Eugene Seale, Jr. (born June 3, 1964) is an American former professional football player who was a linebacker for the Houston Oilers of the National Football League (NFL) from 1987 to 1992. He played college football for the Lamar Cardinals.

In college, Seale played at Lamar University for the Cardinals, a team with a terrible win–loss record, even during his tenure, but not for lack of skill or effort on his part. Seale was the most decorated player in Lamar University history and is widely considered the best linebacker the team ever had. He set the record for most tackles with 500 in three seasons, and in 1983 alone, he had 180 tackles. However, Seale is probably best remembered for the first game he played, where he intercepted a pass and ran it back 52 yards for a touchdown. Seale was the Southland Conference’s Defensive Player of the Year in 1983, and received the League's player of the week award five times. He was inducted into the Cardinal Hall of Honor in 1991 and was considered a Lamar Legend . Seale also excelled at both shot put and discus, leading the Cardinals to three successive SLC title wins.
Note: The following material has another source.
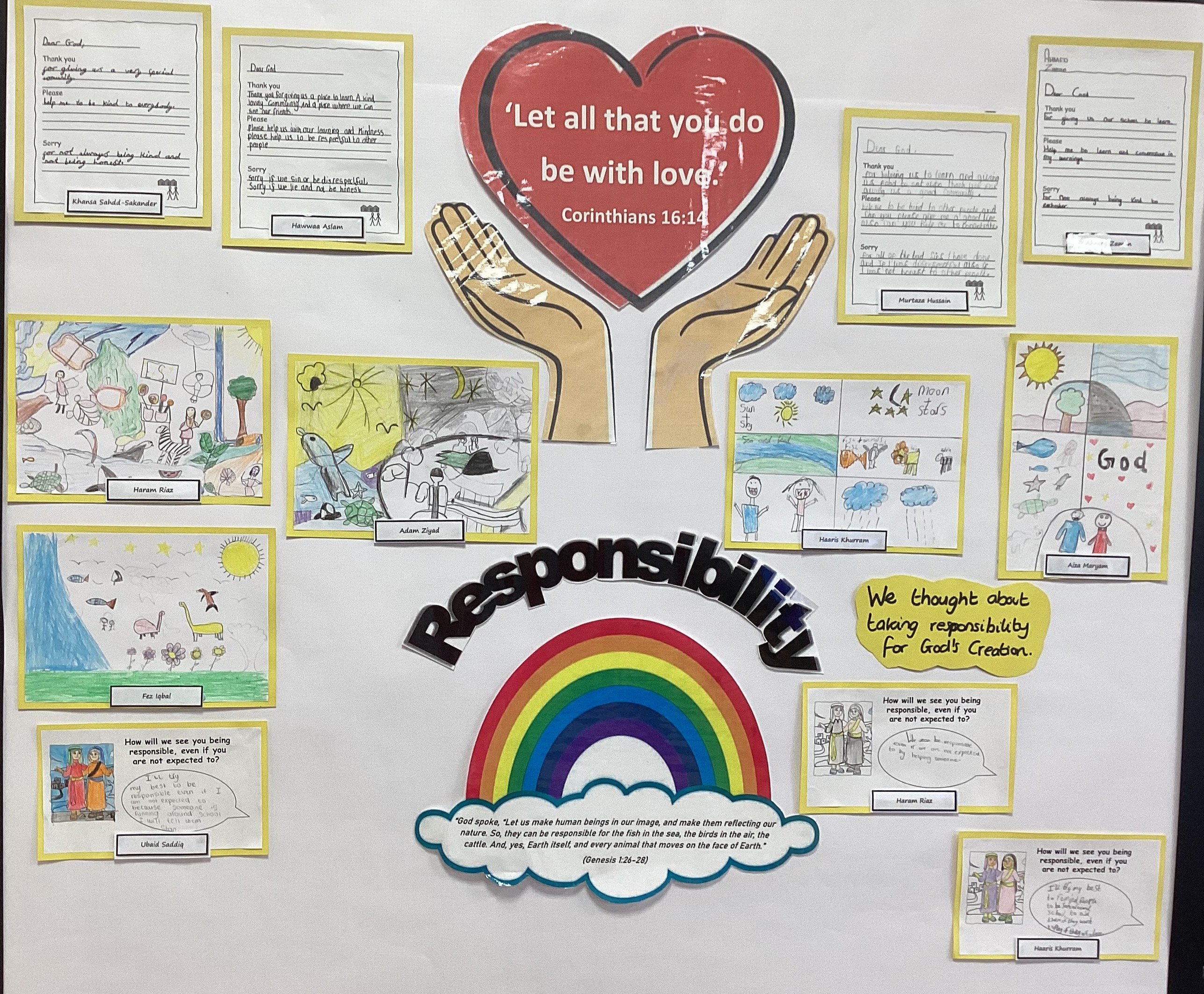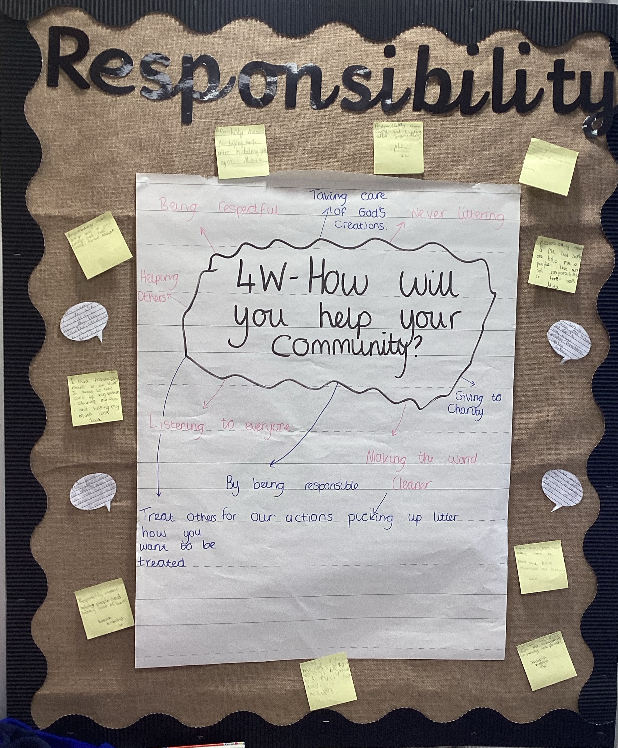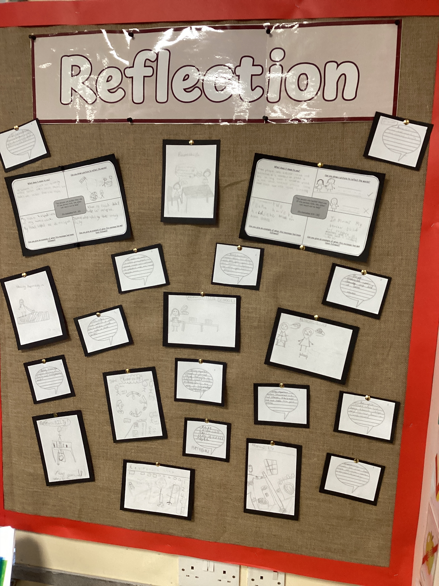 These are examples of work shown on reflection areas both inside and outside of the classroom. These were all based around our school value of RESPONSIBILITY.

Standing at only 5 ft 10 in, with 6 ft 2 in being average height for NFL players, Seale had difficulty even being allowed into player tryouts for the Houston Oilers, the team closest to his hometown. After turning down a free agent contract from the Chicago Bears and being drafted by the New Jersey Generals of the USFL, just before the league folded, Seale joined the British Columbia Lions of the Canadian Football League briefly, then was cut. He gave up his dream and was working as a construction worker when everything changed.
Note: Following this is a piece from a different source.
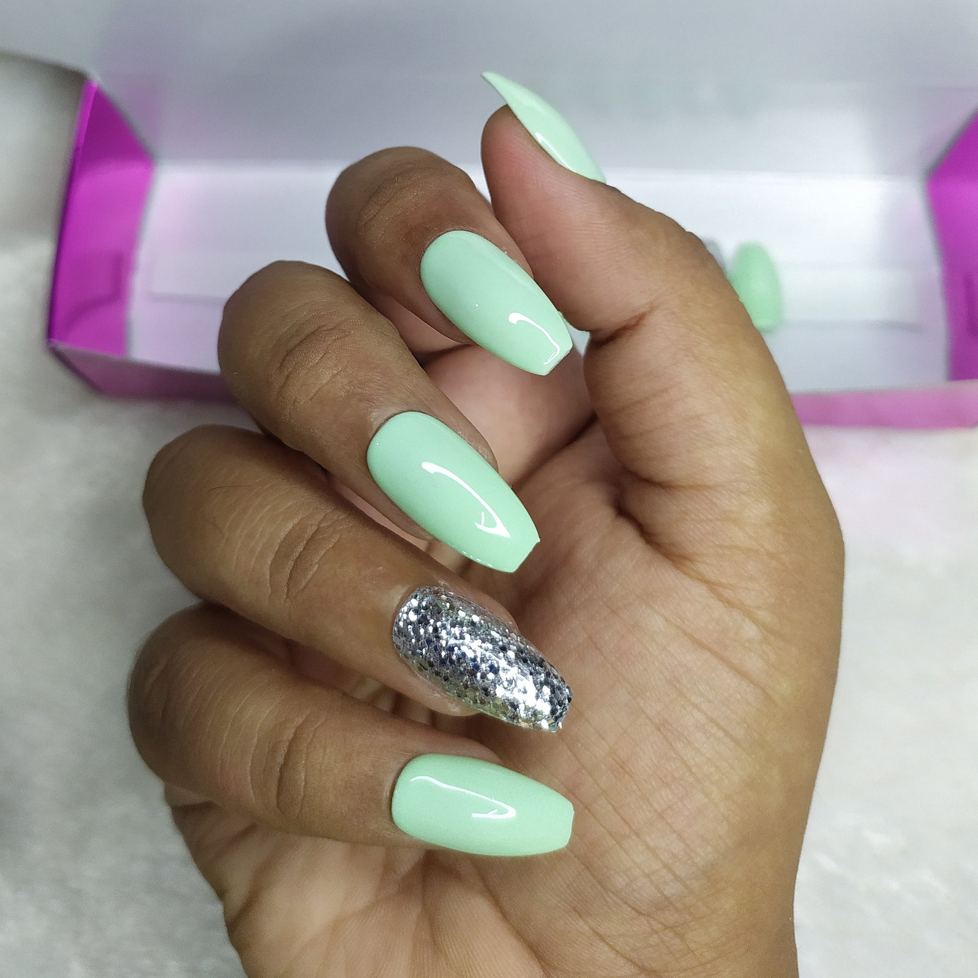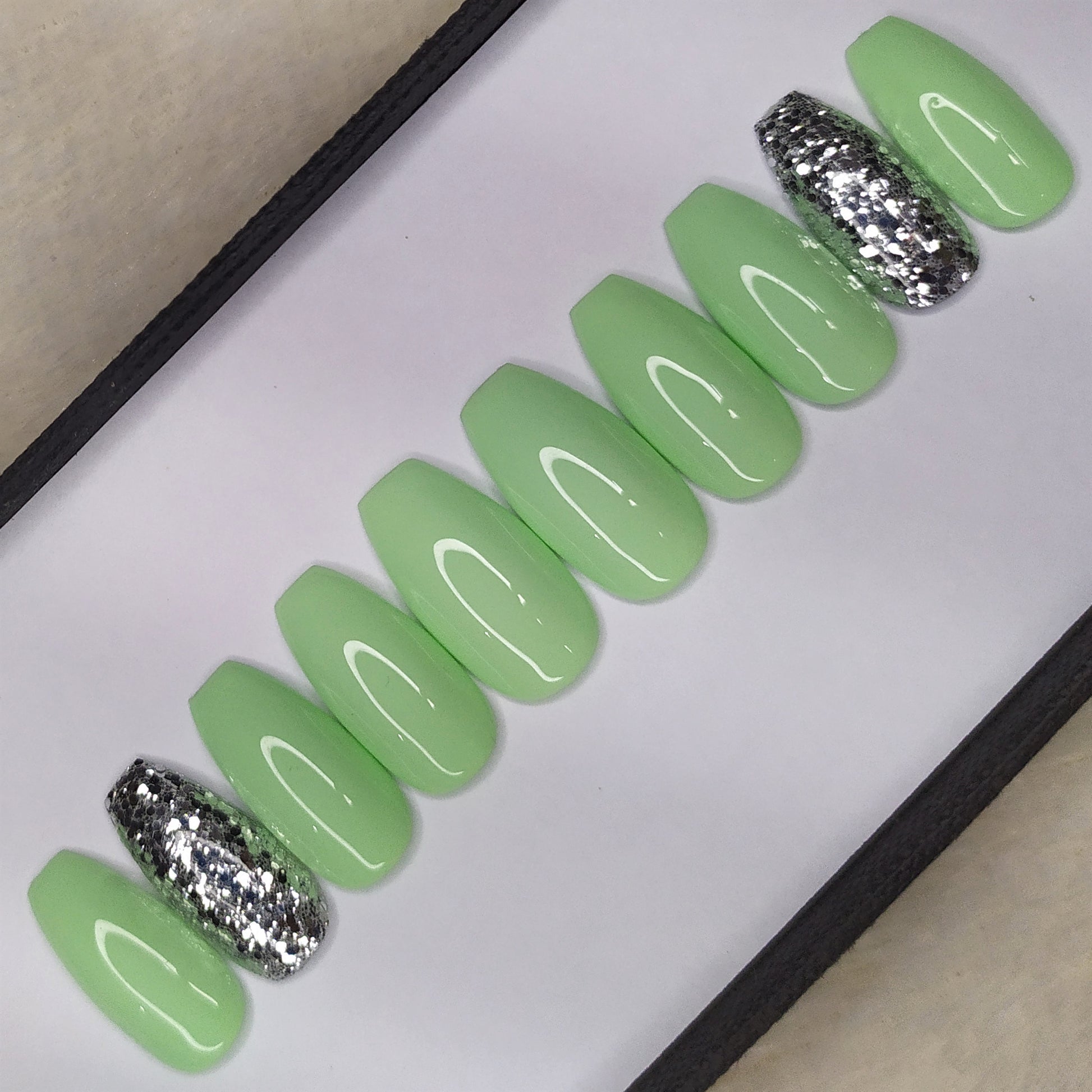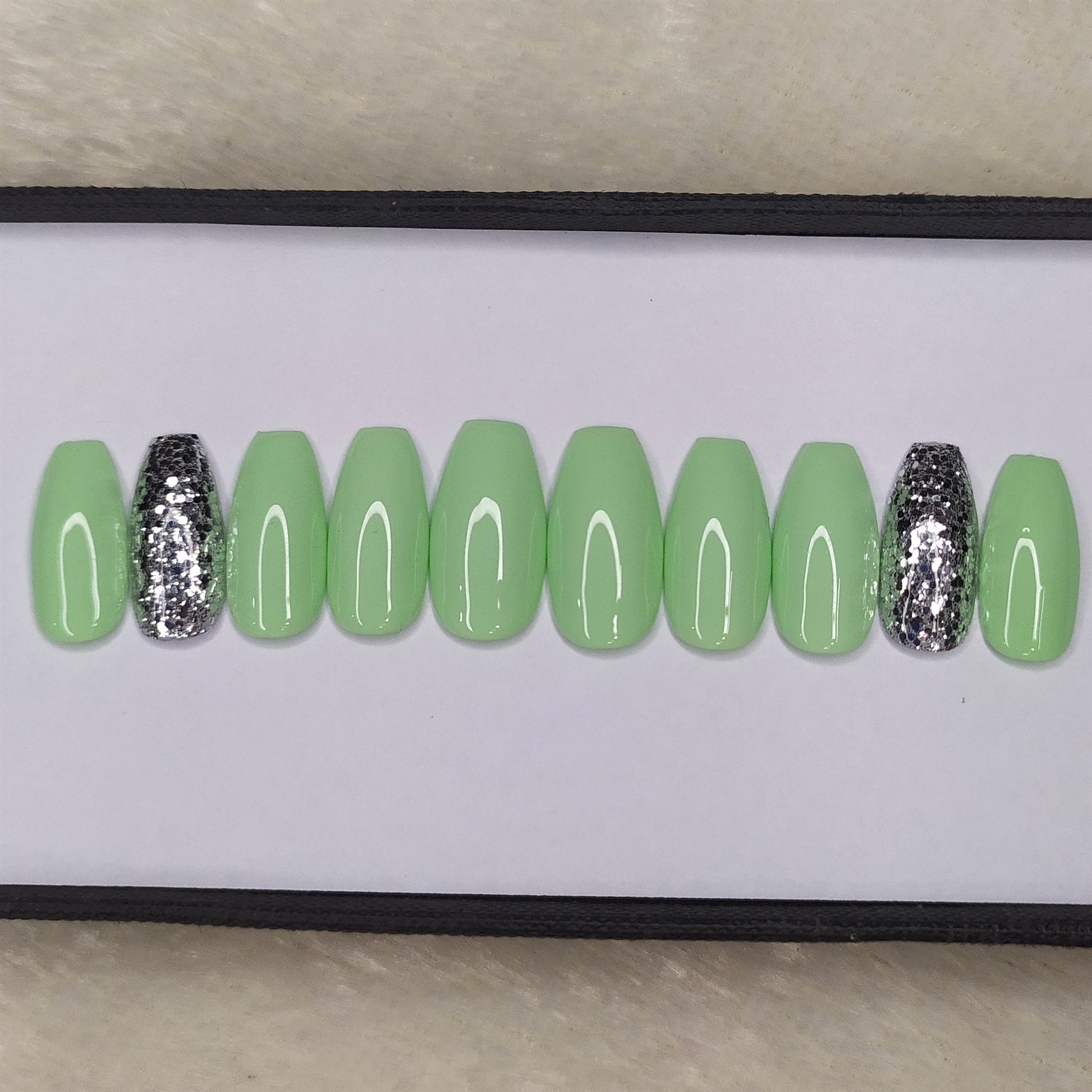 Glossy Pastel Green Silver Glitter Press on Nails Set // 535

During the football strike of 1987, new players who had previously been cut, or not allowed to try out, got a chance to be pro football players, if only for a short time. Of those hastily hired replacements that played during the 1987 season, most were cut during training camp the next season, including Seale. However, coach Jerry Glanville did not want to lose him and called Seale back after a few other players suffered injuries. On special teams and as a backup linebacker, Seale proved that his height did not stop him from being an outstanding player. Seale went on to play five more seasons for the Oilers until 1992.

In Seale's first NFL game for the Oilers, he intercepted a pass and ran it back 72 yards for a touchdown. This led to a 40–10 victory over the Denver Broncos. Against Cincinnati, Seale intercepted a pass from Boomer Esiason intended for Tim McGee and ran 45 yards before being tackled.